Immediately after the EuroSIVA meeting, the European Society for Anaesthesiology meeting (ESA, Vienna, Austria 28th-31st May 2005 - www.euroanesthesia.org ) included a symposium on morphine metabolites at which the distinguished academics, Professor Albert Dahan (Leiden, The Netherlands), Dr Magdi Hanna (London, UK) and Professor Lona Christrup (Copenhagen, Denmark) presented data on M6G.
The M6G presentations included new data from Professor Christrups unit at the Danish University of Pharmaceutical Services on the oral bioavailability of M6G and its potential use in the treatment of chronic pain. The conclusions presented by Professor Christrup were:
1. The constant and prolonged absorption of M6G after peroral administration might represent a physiological sustained release system, useful for the treatment of chronic pain.
2. Due to its hydrophilic properties and consequently the slow rate of entering into the CNS, M6G might have a low abuse potential compared to more lipophilic opioids.
3. The prolonged duration of analgesia, which is probably due to accumulation in brain extracellular fluid, makes M6G suited for treatment of chronic pain conditions.
4. M6G appears to give rise to lesser nausea/vomiting and respiratory depression than morphine.
5. Thus M6G might prove to be a therapeutic milestone in the treatment of chronic pain.
The symposium also discussed previously released data on the use of M6G as an analgesic for the treatment of post-operative pain and its reduced tendency to cause respiratory depression compared to morphine. Overall, the feedback from the attending anaesthetists was very positive regarding the potential clinical profile of M6G.
CeNeS is developing M6G as a new treatment for post-operative pain and continues to review M6Gs additional potential for the treatment of the chronic pain market. The compound is in Phase III clinical trials in postoperative pain.
Neil Clark, Chief Executive commented: These are two of the most prestigious annual events for anaesthetists in Europe. We are delighted to see that our programmes have achieved such a high profile and that M6G continues to gain support as a potentially significant new pain product.
About M6G
M6G (morphine-6-glucuronide) is a potent active metabolite of morphine. Morphine is one of the most effective opioid analgesics and is widely used for the management of moderate to severe pain, including the pain experienced by patients following a wide range of surgical operations. Over 130 million surgical procedures are carried out in the seven major pharmaceutical markets annually.
Morphine is acknowledged to be the gold standard treatment against which other parenteral analgesics are tested. Nonetheless, even after administration of morphine, various studies report that between 40-100% of patients continue to experience moderate to severe pain following surgery, indicating the clear need for new and effective treatments for postoperative pain.
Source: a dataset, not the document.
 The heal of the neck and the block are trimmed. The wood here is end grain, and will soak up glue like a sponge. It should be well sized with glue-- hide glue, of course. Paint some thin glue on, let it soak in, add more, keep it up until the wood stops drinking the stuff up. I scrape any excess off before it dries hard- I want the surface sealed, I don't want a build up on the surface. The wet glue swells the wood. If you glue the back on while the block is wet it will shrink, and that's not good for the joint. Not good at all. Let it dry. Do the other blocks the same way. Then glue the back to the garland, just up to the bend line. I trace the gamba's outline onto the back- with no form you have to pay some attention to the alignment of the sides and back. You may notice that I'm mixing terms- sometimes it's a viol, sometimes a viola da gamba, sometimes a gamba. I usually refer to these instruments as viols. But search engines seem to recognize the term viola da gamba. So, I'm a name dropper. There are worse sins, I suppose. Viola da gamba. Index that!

Morphine is also associated with a number of side effects including nausea, retching, vomiting and sedation. These side effects cause discomfort to the patient and add costs to their care by incurring the use of additional drugs to treat the side effects, as well as the costs of associated clinical and nursing care. Morphine is also associated with an increased risk of respiratory depression, a potentially fatal condition, at the higher doses required for management of severe pain.
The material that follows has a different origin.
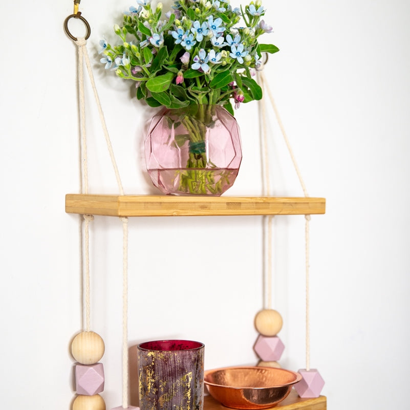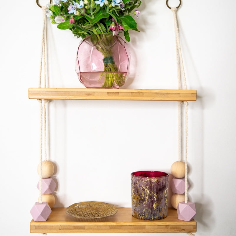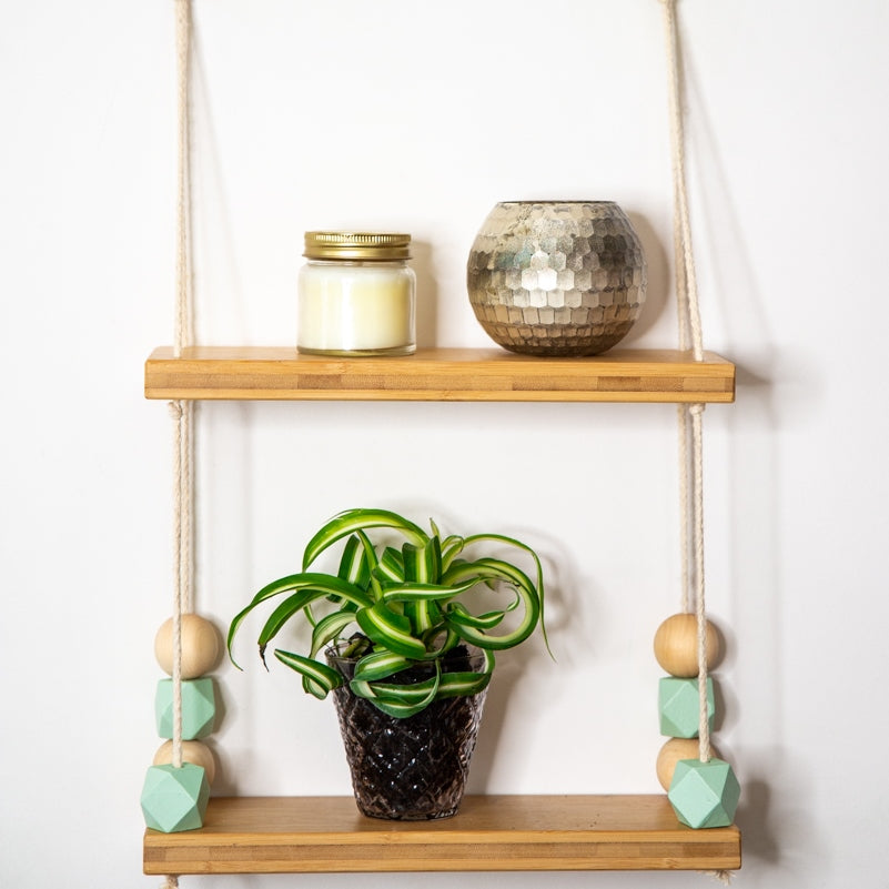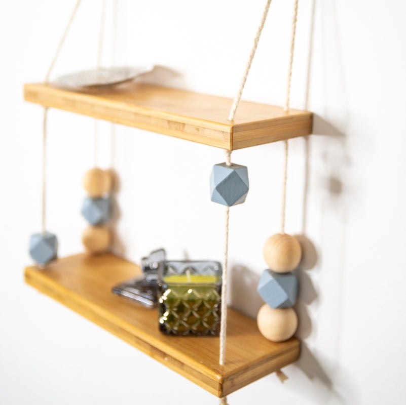 מדף נדנדה כפול עשוי מפלטות של עץ במבוק משובח בשילוב עם חרוזי עץ צבועים

Clinical studies have shown that M6G has an equivalent analgesic effect to morphine but also has an improved side effect profile, particularly a reduced tendency to cause nausea, vomiting, sedation and respiratory depression.
About CeNeS short-acting sedative programme
A series of short-acting sedatives were assigned to CeNeS from GlaxoSmithKline (GSK) in November 2003. Building on the experience gained with the short-acting opiate, remifentanil, these compounds were developed by GSK to improve upon the widely-used sedative, midazolam.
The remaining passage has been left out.